* [WORK REQUEST]:
Among the entries below, find the line with "Chris Tierney vs" and the line with "Enveloppez-vous dans la". Return exactly those lines and every line between them, but no pictures.

==== SUPPLIED INFORMATION

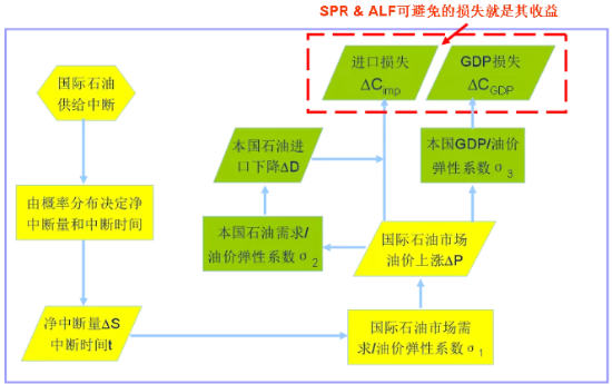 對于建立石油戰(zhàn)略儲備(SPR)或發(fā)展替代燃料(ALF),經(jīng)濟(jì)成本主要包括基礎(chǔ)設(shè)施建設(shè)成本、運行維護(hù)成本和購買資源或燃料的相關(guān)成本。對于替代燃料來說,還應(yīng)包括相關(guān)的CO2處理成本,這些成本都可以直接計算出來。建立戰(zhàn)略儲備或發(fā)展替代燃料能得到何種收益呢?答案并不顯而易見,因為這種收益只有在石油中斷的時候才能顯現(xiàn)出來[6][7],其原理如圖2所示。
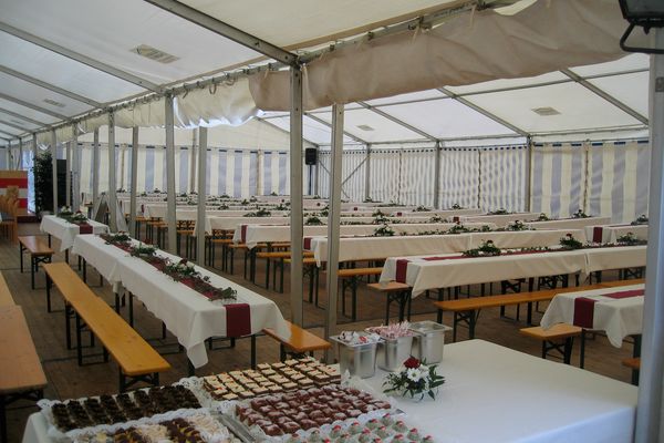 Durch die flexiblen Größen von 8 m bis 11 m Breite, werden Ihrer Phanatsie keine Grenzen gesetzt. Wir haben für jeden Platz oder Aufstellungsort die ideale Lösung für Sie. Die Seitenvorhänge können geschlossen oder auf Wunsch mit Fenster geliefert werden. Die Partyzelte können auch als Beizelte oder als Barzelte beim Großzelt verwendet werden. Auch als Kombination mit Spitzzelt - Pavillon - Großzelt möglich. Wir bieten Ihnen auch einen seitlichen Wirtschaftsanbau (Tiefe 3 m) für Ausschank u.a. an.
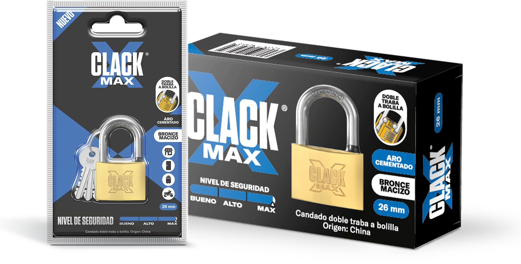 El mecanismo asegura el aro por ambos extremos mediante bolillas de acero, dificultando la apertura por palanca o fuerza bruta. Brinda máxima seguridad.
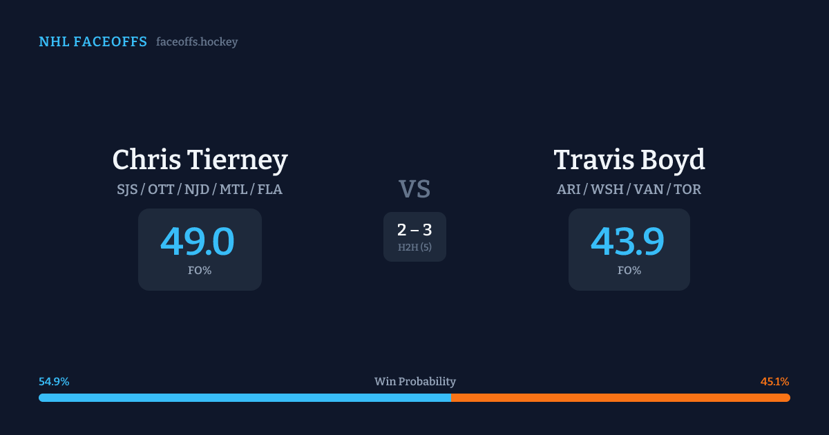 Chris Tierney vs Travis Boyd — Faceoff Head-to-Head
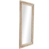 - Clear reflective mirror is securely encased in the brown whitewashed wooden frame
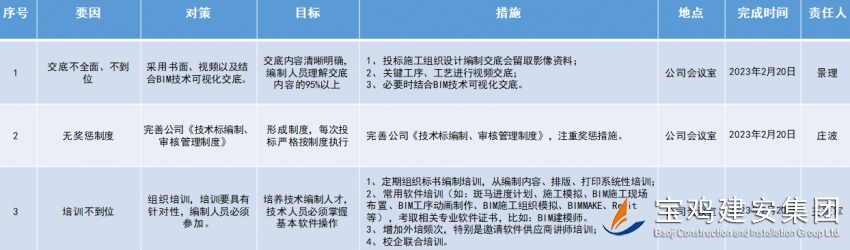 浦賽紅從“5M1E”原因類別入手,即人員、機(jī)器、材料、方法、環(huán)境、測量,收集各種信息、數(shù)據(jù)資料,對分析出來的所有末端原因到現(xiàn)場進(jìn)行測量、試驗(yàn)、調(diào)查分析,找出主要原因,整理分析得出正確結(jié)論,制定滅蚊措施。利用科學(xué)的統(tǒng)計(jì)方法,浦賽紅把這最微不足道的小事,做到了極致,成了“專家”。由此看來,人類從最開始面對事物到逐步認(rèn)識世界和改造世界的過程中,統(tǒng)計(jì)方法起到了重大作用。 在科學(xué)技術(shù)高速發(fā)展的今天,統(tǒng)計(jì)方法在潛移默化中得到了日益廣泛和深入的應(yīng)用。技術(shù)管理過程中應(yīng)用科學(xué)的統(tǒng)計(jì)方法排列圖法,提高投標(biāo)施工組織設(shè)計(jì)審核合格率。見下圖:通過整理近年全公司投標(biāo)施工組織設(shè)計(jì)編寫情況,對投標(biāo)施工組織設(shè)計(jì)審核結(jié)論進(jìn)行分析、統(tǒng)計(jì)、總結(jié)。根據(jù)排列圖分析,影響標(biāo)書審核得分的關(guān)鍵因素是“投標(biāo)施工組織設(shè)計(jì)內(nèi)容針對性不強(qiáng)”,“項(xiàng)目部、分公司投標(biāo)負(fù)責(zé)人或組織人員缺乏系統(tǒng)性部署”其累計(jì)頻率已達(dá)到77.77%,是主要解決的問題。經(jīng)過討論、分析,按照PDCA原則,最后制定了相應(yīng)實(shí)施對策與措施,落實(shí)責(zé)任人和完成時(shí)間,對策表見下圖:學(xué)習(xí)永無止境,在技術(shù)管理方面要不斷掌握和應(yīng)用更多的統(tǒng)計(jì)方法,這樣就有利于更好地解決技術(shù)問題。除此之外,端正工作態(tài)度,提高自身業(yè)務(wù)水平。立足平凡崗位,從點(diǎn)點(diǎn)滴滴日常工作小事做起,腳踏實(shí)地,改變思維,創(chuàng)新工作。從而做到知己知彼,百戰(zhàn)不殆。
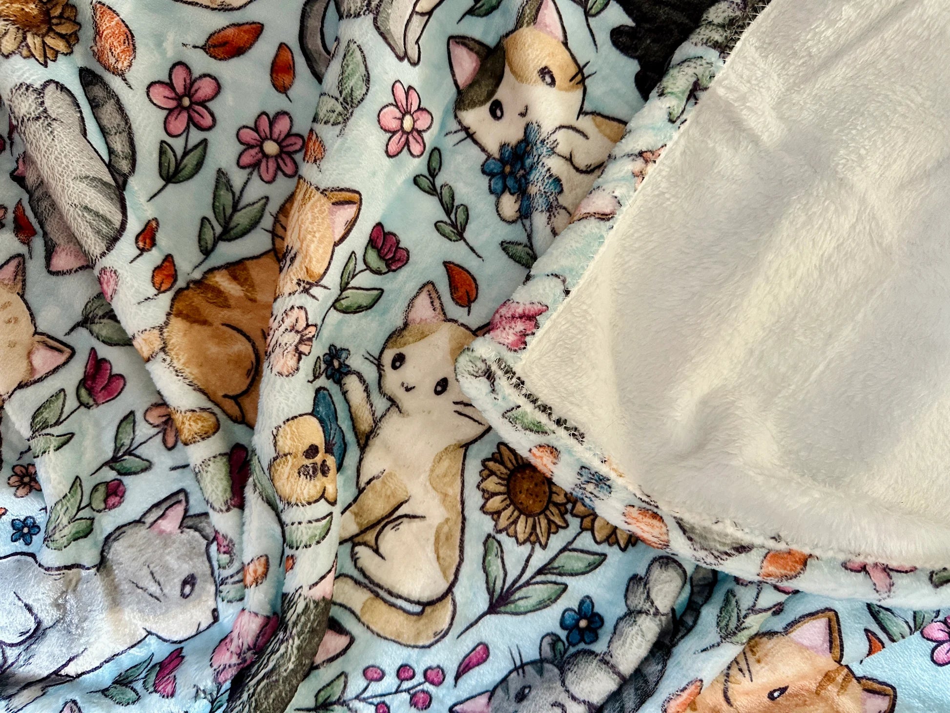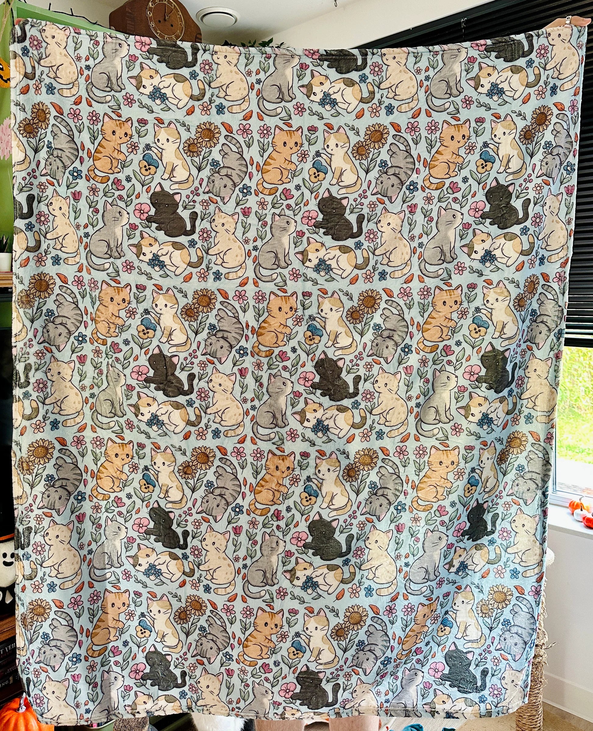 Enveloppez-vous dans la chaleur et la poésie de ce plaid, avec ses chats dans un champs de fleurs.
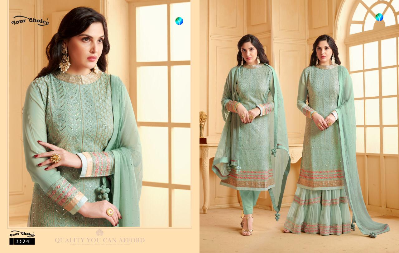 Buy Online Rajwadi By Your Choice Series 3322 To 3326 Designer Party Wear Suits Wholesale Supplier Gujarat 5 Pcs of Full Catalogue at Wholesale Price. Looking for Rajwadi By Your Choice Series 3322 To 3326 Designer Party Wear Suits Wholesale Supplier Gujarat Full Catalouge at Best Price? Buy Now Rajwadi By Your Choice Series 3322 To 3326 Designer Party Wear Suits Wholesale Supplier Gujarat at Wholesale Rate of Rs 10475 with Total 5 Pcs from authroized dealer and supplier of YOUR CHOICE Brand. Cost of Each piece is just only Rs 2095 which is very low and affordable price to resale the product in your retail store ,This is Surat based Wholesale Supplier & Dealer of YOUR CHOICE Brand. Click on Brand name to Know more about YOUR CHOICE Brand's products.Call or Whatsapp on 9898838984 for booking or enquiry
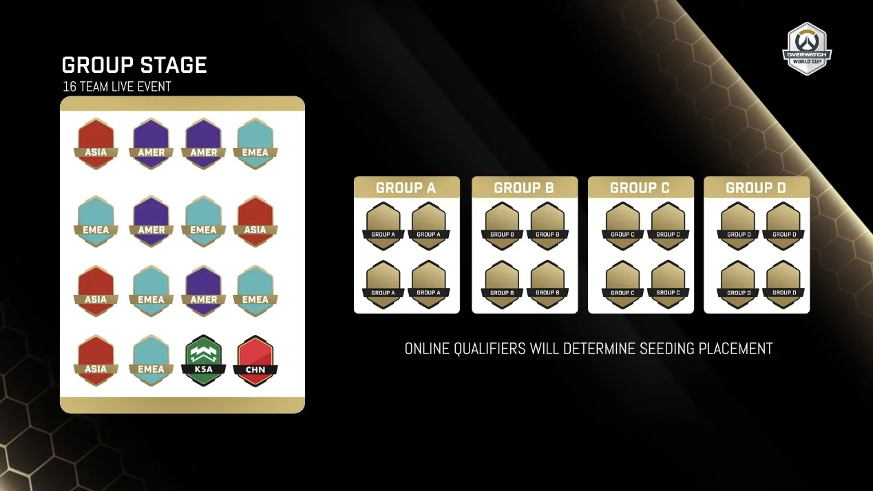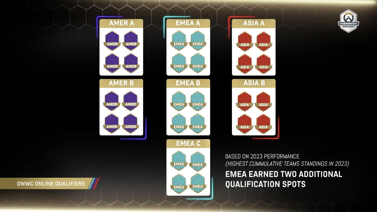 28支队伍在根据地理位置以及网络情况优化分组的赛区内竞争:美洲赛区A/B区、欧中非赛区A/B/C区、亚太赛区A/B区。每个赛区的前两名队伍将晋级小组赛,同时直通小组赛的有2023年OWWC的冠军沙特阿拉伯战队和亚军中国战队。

========

* [OUTPUT OF THE EXERCISE]:
 Chris Tierney vs Travis Boyd — Faceoff Head-to-Head
 - Clear reflective mirror is securely encased in the brown whitewashed wooden frame
 浦賽紅從“5M1E”原因類別入手,即人員、機(jī)器、材料、方法、環(huán)境、測量,收集各種信息、數(shù)據(jù)資料,對分析出來的所有末端原因到現(xiàn)場進(jìn)行測量、試驗(yàn)、調(diào)查分析,找出主要原因,整理分析得出正確結(jié)論,制定滅蚊措施。利用科學(xué)的統(tǒng)計(jì)方法,浦賽紅把這最微不足道的小事,做到了極致,成了“專家”。由此看來,人類從最開始面對事物到逐步認(rèn)識世界和改造世界的過程中,統(tǒng)計(jì)方法起到了重大作用。 在科學(xué)技術(shù)高速發(fā)展的今天,統(tǒng)計(jì)方法在潛移默化中得到了日益廣泛和深入的應(yīng)用。技術(shù)管理過程中應(yīng)用科學(xué)的統(tǒng)計(jì)方法排列圖法,提高投標(biāo)施工組織設(shè)計(jì)審核合格率。見下圖:通過整理近年全公司投標(biāo)施工組織設(shè)計(jì)編寫情況,對投標(biāo)施工組織設(shè)計(jì)審核結(jié)論進(jìn)行分析、統(tǒng)計(jì)、總結(jié)。根據(jù)排列圖分析,影響標(biāo)書審核得分的關(guān)鍵因素是“投標(biāo)施工組織設(shè)計(jì)內(nèi)容針對性不強(qiáng)”,“項(xiàng)目部、分公司投標(biāo)負(fù)責(zé)人或組織人員缺乏系統(tǒng)性部署”其累計(jì)頻率已達(dá)到77.77%,是主要解決的問題。經(jīng)過討論、分析,按照PDCA原則,最后制定了相應(yīng)實(shí)施對策與措施,落實(shí)責(zé)任人和完成時(shí)間,對策表見下圖:學(xué)習(xí)永無止境,在技術(shù)管理方面要不斷掌握和應(yīng)用更多的統(tǒng)計(jì)方法,這樣就有利于更好地解決技術(shù)問題。除此之外,端正工作態(tài)度,提高自身業(yè)務(wù)水平。立足平凡崗位,從點(diǎn)點(diǎn)滴滴日常工作小事做起,腳踏實(shí)地,改變思維,創(chuàng)新工作。從而做到知己知彼,百戰(zhàn)不殆。
 Enveloppez-vous dans la chaleur et la poésie de ce plaid, avec ses chats dans un champs de fleurs.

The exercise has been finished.